My point is this: Most of us know What Needs to be Said and Who Needs to Hear It...but we all tend to avoid confrontation and embarrassing or awkward situations...because we don't have the Courage to do it. And we need to steel ourselves to do it. We need that Courage.
Do you realize that the odds are that if you don't speak up, everything will turn out okay? That they probably won't crash and kill themselves or the child in the other car? That they'll probably be alive the next morning?
Just so you understand that their safety was a matter of dumb luck, and not because you didn't need to have the guts to "rein them in." You should have. You could have. You just needed to have some courage--the courage to do what you know is right.
You wanna be really cool? Be a good Wingman. Don't just talk about it. Don't just joke about it in that cynical way that says "We're too cool for that official 'wingman b.s.'!" Be a Wingman most especially during those few times when your buddies need you there for them. It's like flying. The good wingman checks his buddy's six while his buddy is too busy looking at the target in front of him, not realizing he's about to be the target!

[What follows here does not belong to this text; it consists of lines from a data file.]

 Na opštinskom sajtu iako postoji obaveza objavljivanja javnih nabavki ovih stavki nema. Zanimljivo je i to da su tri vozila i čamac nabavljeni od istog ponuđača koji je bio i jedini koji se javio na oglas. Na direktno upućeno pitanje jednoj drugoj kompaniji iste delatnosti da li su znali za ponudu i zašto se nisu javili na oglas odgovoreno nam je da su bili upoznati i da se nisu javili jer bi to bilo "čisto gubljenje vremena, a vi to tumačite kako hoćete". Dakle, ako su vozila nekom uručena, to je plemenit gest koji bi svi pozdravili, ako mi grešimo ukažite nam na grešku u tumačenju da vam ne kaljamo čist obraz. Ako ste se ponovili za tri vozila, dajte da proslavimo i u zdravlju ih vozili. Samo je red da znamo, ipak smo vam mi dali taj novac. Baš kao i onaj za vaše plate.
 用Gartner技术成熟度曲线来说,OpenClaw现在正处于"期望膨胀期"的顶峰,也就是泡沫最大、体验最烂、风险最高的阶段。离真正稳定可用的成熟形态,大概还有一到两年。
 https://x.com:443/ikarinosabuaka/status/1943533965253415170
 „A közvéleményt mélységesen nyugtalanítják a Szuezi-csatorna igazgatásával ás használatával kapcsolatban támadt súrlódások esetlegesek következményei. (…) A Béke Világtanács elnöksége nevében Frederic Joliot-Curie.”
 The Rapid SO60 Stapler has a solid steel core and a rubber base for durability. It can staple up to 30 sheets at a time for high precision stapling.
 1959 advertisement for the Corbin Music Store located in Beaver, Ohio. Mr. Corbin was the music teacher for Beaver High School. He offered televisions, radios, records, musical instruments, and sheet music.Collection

I'll point out that this was re-printed without his permission, and as I know it he won't actually give official permission to re-print his writings. Simply put he knows the WITs go out all over the world via e-mail to family and friends of blue-suiters and there is probably somebody else blogging it, but he writes for himself and his people and he doesn't want to write for the blogosphere because then his WITs will be written with that in mind.
His focus is the USAF and his people.